The Gospel Coalition has announced the launch of The Keller Center for Cultural Apologetics, a new initiative designed to help pastors, young people and other Christian leaders adapt to a “post-Christendom culture.”
Inspired by the legacy of the TGC co-founder, The Keller Center has the stated aim of raising up and supporting “a new generation of bold evangelists and effective apologists who will communicate the unchanging Gospel for a changing world.”
“How do you win people to Christ in a post-Christian era? The Church doesn’t have any idea how to do it,” Keller says in a video announcing the initiative.
“The way the Keller Center is seeking to address this is, want to raise up a new generation of younger thinkers and ministers and leaders who are able to do evangelism and cultural apologetics in a post-Christendom situation.”
If the new center is successful, Keller said the “new generation” of thinkers and scholars will produce “great cultural apologetics in a compelling way to secular people, very secular people, the Church itself will start to translate this content.”
“You’ll find all sorts of platforms and vehicles for the content that the Keller Center is producing,” he said. “And if that happens, the reversal of the decline of the Evangelical Church in this country will take place.”
Many younger people are leaving the Evangelical Church partly because the Church doesn’t know how to “protect our own young people from the narrative and arguments and messages of our secular culture,” Keller added.

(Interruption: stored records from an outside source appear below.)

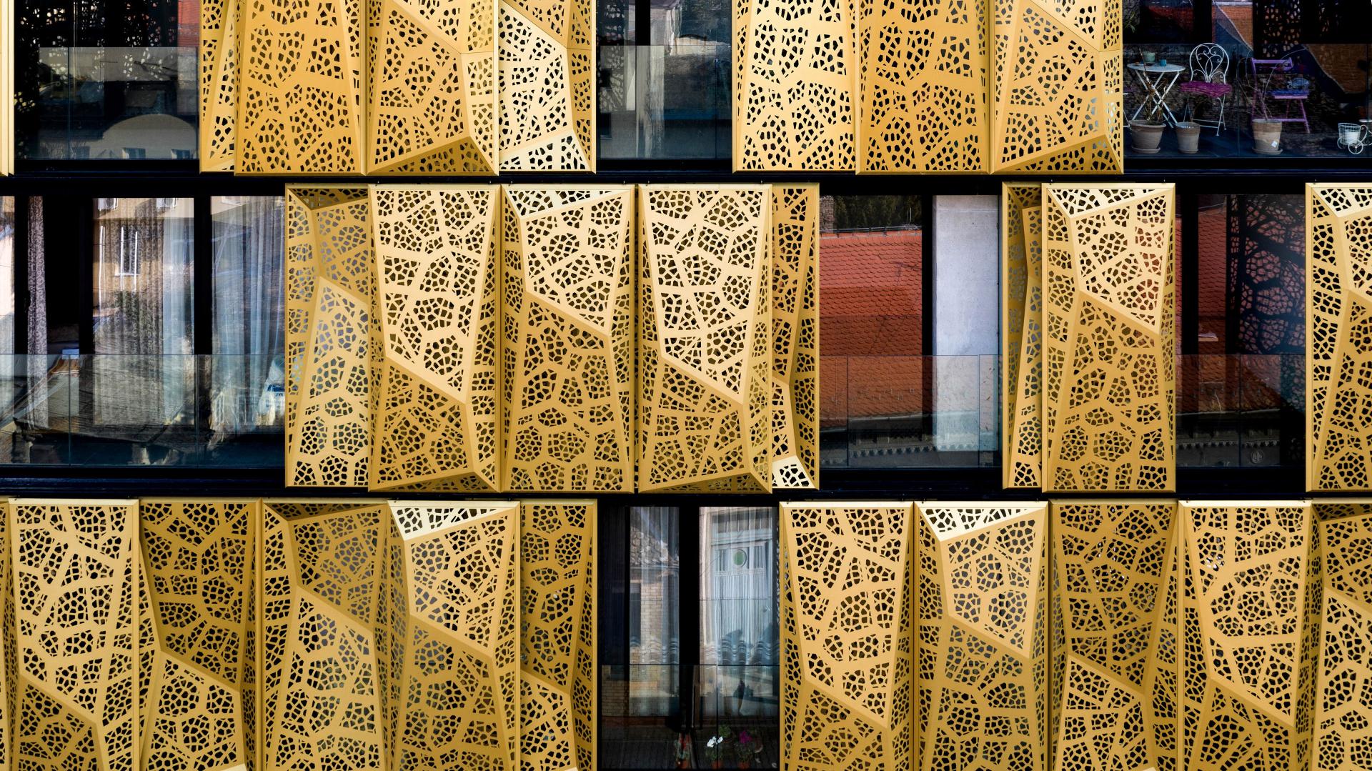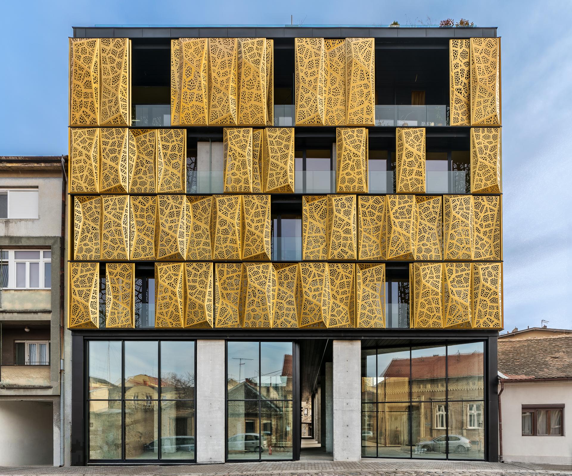 Throughout the production stages, our focus was on engaging domestic manufacturers wherever possible. Tehnomarket company handled the extrusion of frames, which were later sent to Alumil for anodizing. Subsequently, our architectural studio meticulously designed all panel details and elements. We concentrated on facade assembly, expertly combining frames with the 3D fill of the panels. Probanat Construction executed the entire assembly, incorporating Geze Rollan System wheels for movable facade panels. For non-perforated panels, SW Line company managed the rolling process. The production process's unique value lies in creating a flawless facade system replicable in diverse conditions. Additionally, the assembly process is remarkably swift, saving both time and money, while minimizing waste generation.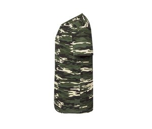 Taglio tubolare (cuciture laterali sul colore camouflage). Doppia impuntura su collo, spalle e vita. Fettuccia sul collo da spalla a spalla. Collo con costina in elastan.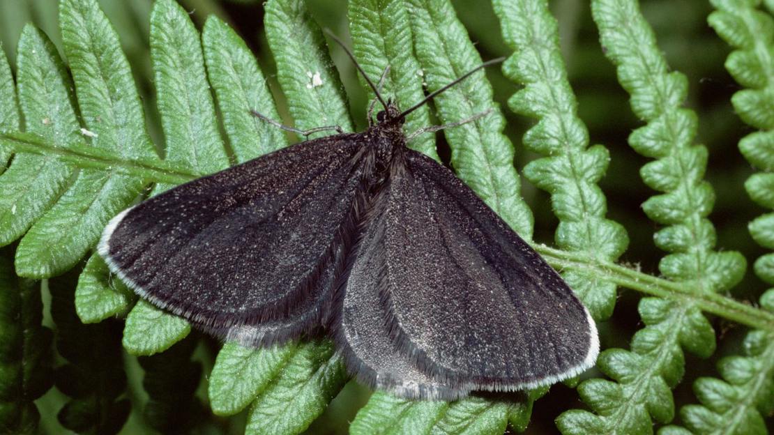 This understated moth is almost entirely black but for delicate white fringes at the edges of the forewings. The wings can begin to look browner with age and wear.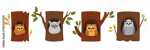 Cartoon owls in tree hollows. Wild forest owl birds sitting in woods house, wildlife birds oak nests flat vector illustration set. Owls hollows collection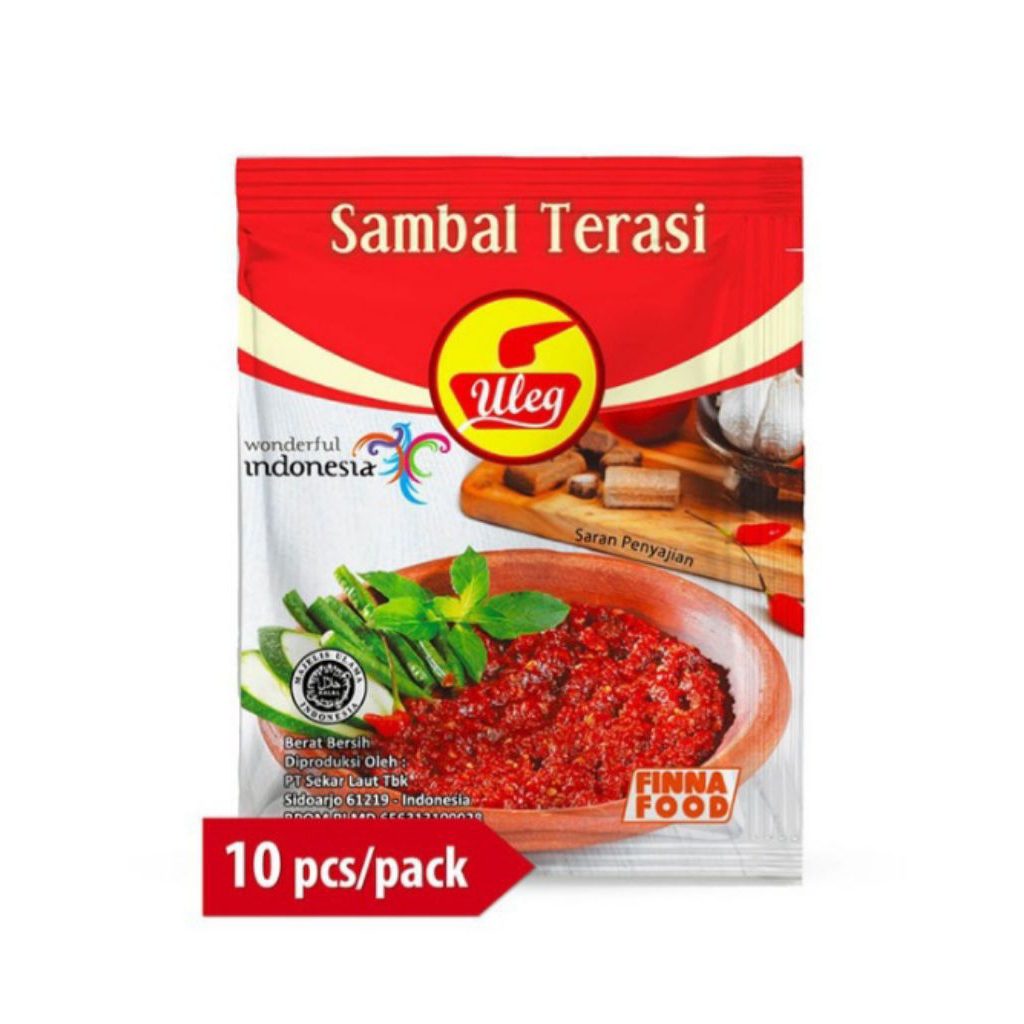 Uleg Sambal Terasi 10 x 18 g adalah sambal uleg terasi ala rumahan yang diolah dari cabe segar pilihan, dikombinasikan dengan terasi dan bumbu yang berkualitas untuk menjadikan hidangan bersama keluarga lebih nikmat. Dapat digunakan sebagai pendamping berbagai macam makanan seperti sambal untuk ayam goreng, bahan dasar balado, penyetan, bahan dasar nasi goreng, cah kangkung, bahan dasar masakan dan lain sebagainya. Tersedia dalam kemasan sachet pack isi 10 pcs.

Training in apologetics will also help strengthen the faith of younger Christians, he said.
“The Keller Center will not just do evangelism; it’ll do formation,” he said. “I think it also, 20 years from now, hopefully, it’ll close that back door so that more young people are coming into the Church than are leaving. And that’s our hope for what change and difference the Keller Center could make to the Church.”

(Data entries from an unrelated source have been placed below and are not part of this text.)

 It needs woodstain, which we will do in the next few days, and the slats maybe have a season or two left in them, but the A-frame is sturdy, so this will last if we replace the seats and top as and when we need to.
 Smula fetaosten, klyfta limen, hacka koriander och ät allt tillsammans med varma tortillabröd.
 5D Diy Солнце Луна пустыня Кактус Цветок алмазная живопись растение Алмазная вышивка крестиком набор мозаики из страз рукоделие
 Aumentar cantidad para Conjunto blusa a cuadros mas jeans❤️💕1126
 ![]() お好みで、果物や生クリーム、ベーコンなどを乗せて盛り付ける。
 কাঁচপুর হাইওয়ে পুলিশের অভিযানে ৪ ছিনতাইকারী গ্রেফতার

Collin Hansen, TGC’s vice president for content, serves as executive director of the center. Michael Graham serves as the director. Fellows include Sam Allberry, Josh Butler, Sam Chan and others.
Throughout his ministry, Keller, the founder of Redeemer Presbyterian Church in New York City, has championed planting churches in urban areas through Redeemer City to City and popularized the term “Gospel-centered churches.”

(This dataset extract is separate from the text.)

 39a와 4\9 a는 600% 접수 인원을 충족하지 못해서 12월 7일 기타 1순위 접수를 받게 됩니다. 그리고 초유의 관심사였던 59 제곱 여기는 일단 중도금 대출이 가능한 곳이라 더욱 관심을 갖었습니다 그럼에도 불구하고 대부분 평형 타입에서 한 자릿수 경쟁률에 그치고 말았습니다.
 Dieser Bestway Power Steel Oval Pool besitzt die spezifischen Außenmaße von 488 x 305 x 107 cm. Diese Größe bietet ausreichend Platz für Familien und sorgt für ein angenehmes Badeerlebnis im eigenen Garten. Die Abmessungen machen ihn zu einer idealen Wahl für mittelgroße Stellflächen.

“If there’s a sense in which Evangelical Christians are eager to participate in the work of Gospel-centered church planting, especially in cities, that’s Tim Keller more than anybody else,” Hansen, who recently authored a book on Keller’s spiritual formation, told The Christian Post.
The pastor popularized the idea “that our churches need to stay focused on the Gospel, that the Gospel applies to all of life, including our work and how we treat the poor and how we love our neighbors, all those sorts of things, and then doing it in an urban context,” Hansen said.
A recent study from the Pew Research Center found that three in 10 Americans identify as “religiously unaffiliated” as the share of Americans who identify as Christians has steadily declined in recent decades. The center surmised that based on the trends, Americans will “continue” to grow less religious in the future.
Hansen told Religion News Service that the center’s work will be informed by a national survey of people who have left churches, conducted in partnership with political scientists Ryan Burge, a Baptist pastor and professor at Eastern Illinois University, and professor Paul Djupe of Denison University, who both study the changing religious landscape.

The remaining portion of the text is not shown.